Finally, `pkg install nmap` not finding nmap package is bad, try forcefully updating the pkg database using `pkg update -f`.


----------



## cbrace (Sep 1, 2019)

Sorry, cut and paste error: meant `pkg upgrade`*.*

I try running `pkg update -f` three times in succession; each time it segfaults.

The weird thing is that nmap is already installed; `pkg info nmap` works, but `pkg install nmap` returns nothing.

Could this file be corrupted? /var/db/pkg/local.sqlite

Here is potential brute-force solution I haven't tried yet which comprises removing all packages and reinstalling them:
pkg segfault abort, signal 6, runs out of memory, package not installed


----------



## yuripv (Sep 1, 2019)

Try making a copy of /var/db/pkg/ (just to be safe) first, and look into `pkg check` (with different options) and/or `pkg upgrade -f` commands.

Note that I didn't ever hit such problem, so the above may prove useless, sorry.
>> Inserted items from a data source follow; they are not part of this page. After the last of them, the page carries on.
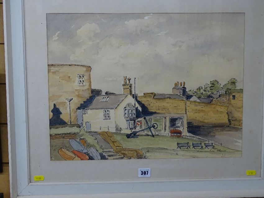 ? FRENCH watercolour and ink - old Conwy Harbour scene, signed, 36 x 48 cms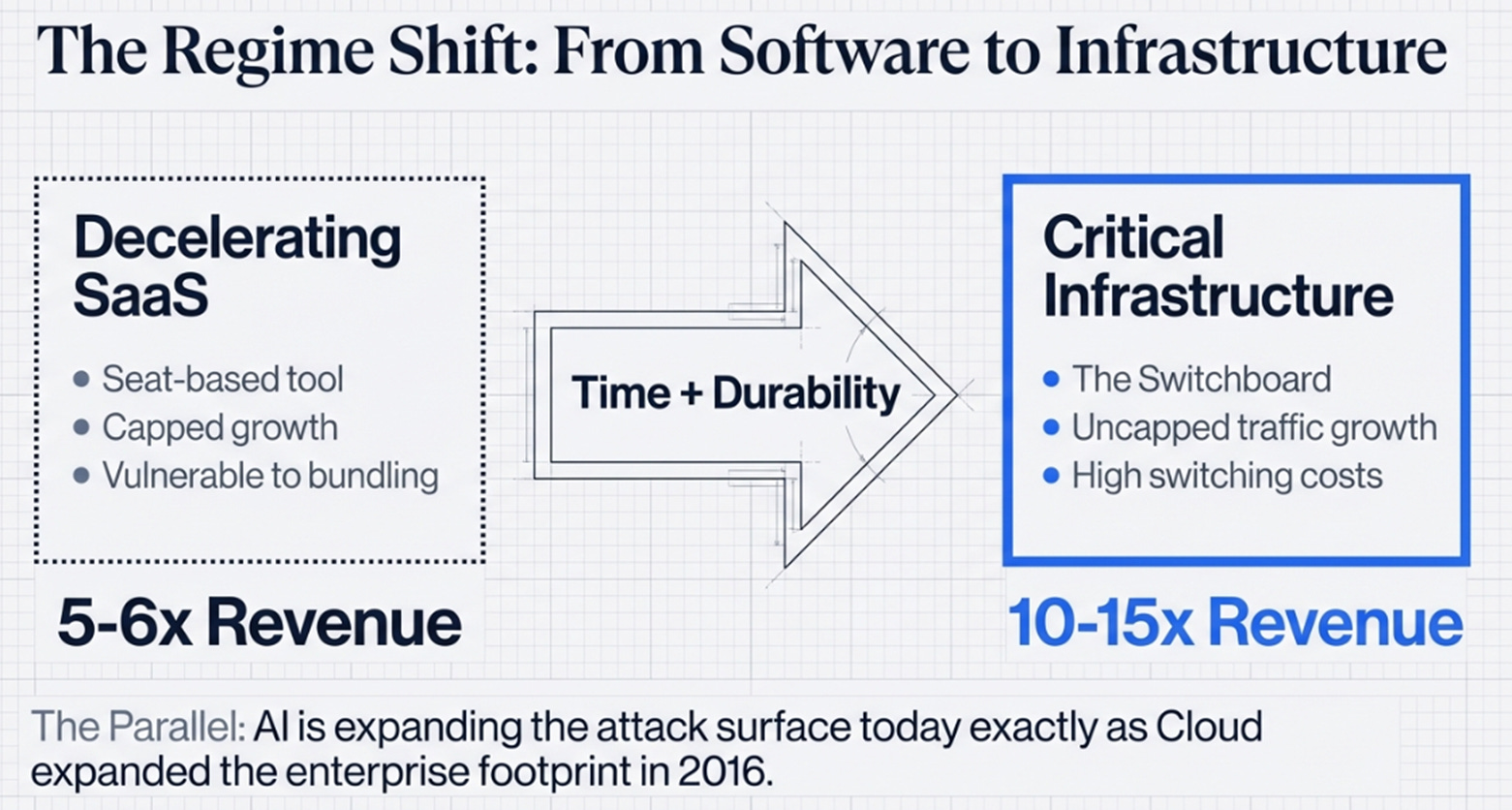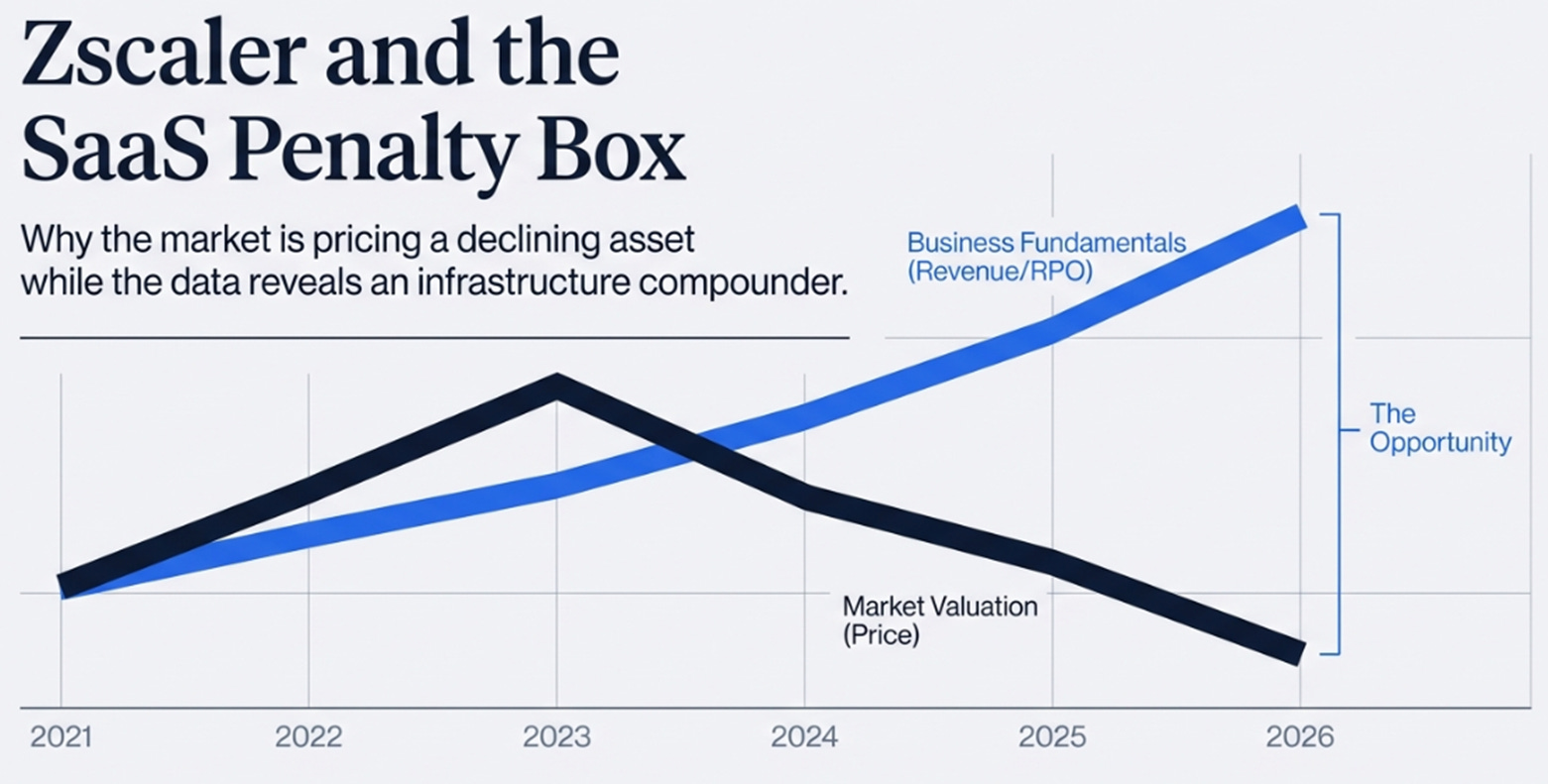 I bring this up because the parallel to Zscaler today is striking. AI is expanding the enterprise attack surface the same way cloud expanded the enterprise footprint a decade ago. The fear that “AI replaces security” is equivalent to the fear that “cloud replaces enterprise software”, directionally wrong, but correct in the sense that the architecture changes. Zscaler is betting that its inline switchboard architecture is the right one for the AI era, just as it was the right one for the cloud era. The stock is priced as if growth is structurally capped and architectural risk is rising.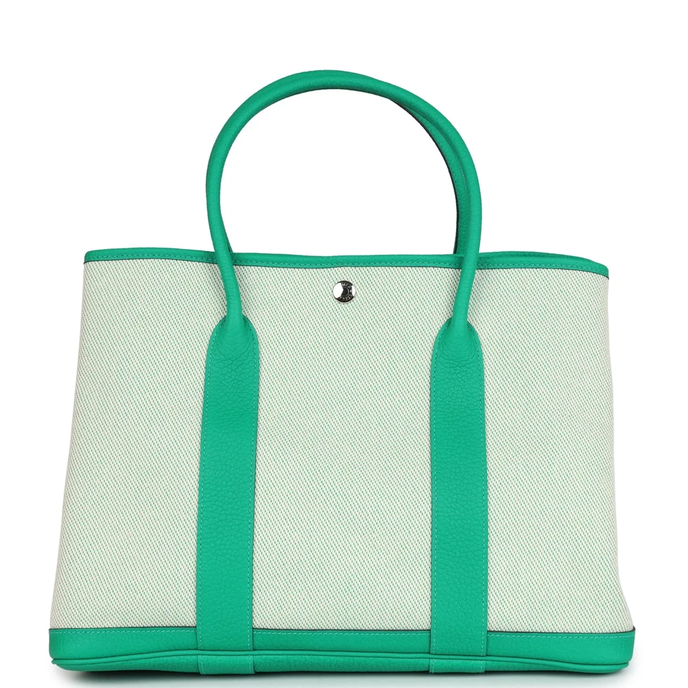 This Hermès Garden Party 36 in Menthe Toile H and Negonda leather is a fresh and vibrant accessory, accented by palladium hardware. Its soft green hue and contrasting textures create a sophisticated look, perfect for any occasion. Spacious and lightweight, it is ideal for everyday use. A testament to Hermès’ craftsmanship, it is a must-have for those who appreciate timeless elegance.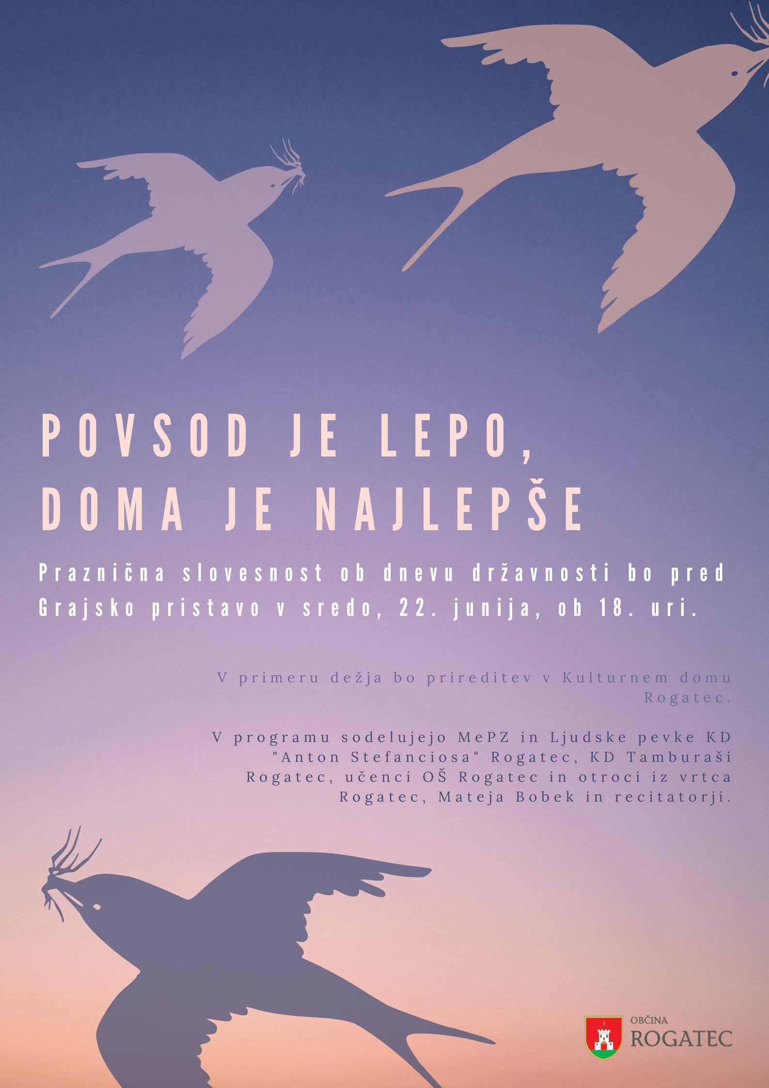 Vljudno vabljeni na praznično slovesnost ob dnevu državnosti, ki bo v sredo, 22. junija ob 18. uri, pred Grajsko pristavo.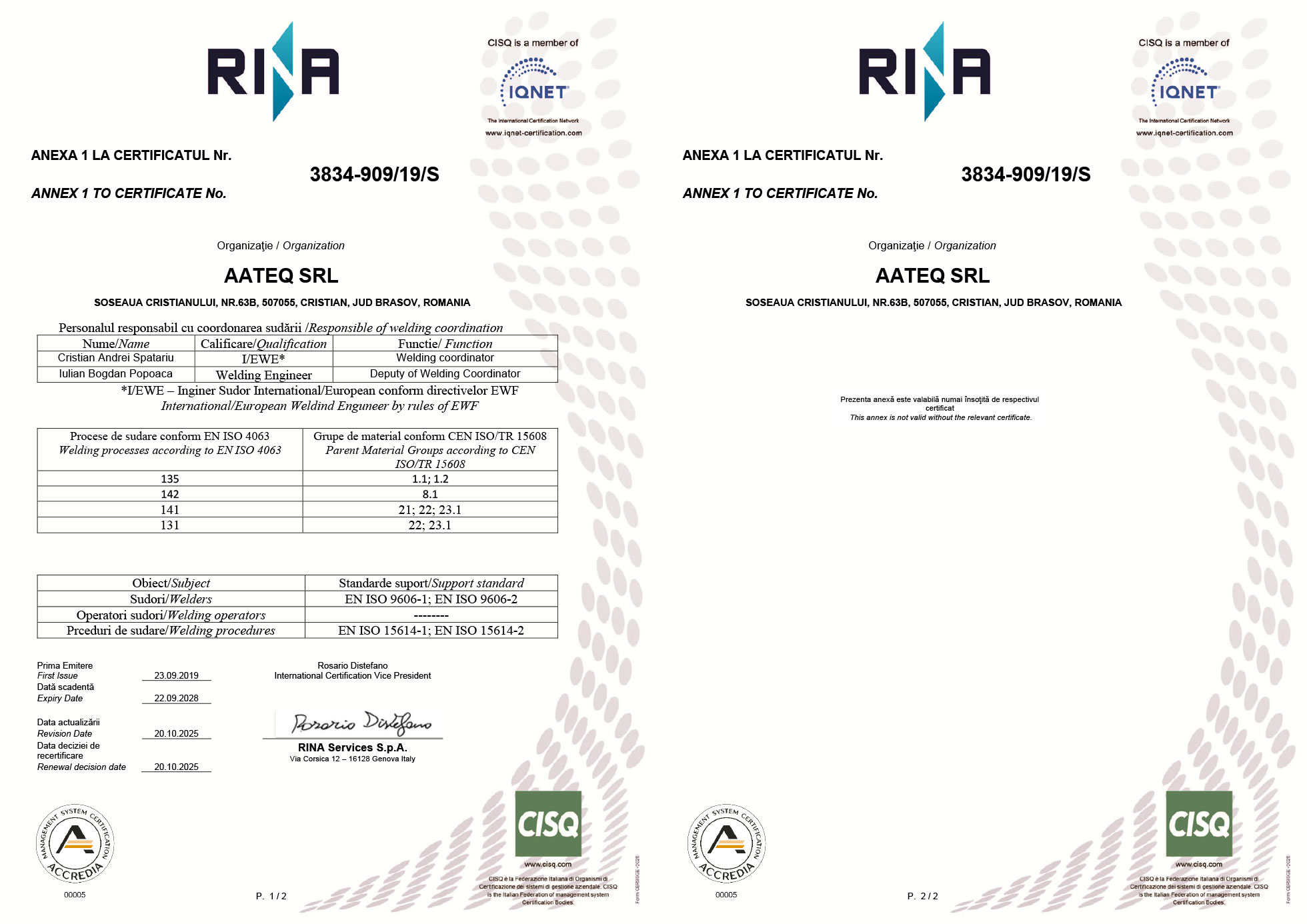 Qualität ist und bleibt für uns seit der Firmengründung der wichtigste Aspekt. Deshalb kommt der Qualitätsabteilung bei Aateq eine Schlüsselrolle zu. Unser Team besteht aus 10 Mitarbeitern, die alle über eine sehr gute Ausbildung auf diesem Gebiet verfügen. Sie stellen ständig sicher, dass die verarbeiteten Teile den höchsten zertifizierten Standards in Rumänien, Belgien und der EU entsprechen.

Yet, the best option might be looking into the core dump itself, and finding why exactly it does segfault (if you want to/have time), starting with https://www.freebsd.org/doc/en_US.ISO8859-1/books/developers-handbook/debugging.html.


----------



## SirDice (Sep 2, 2019)

Try forcing a re-install of pkg(8): `pkg-static install -f pkg`


----------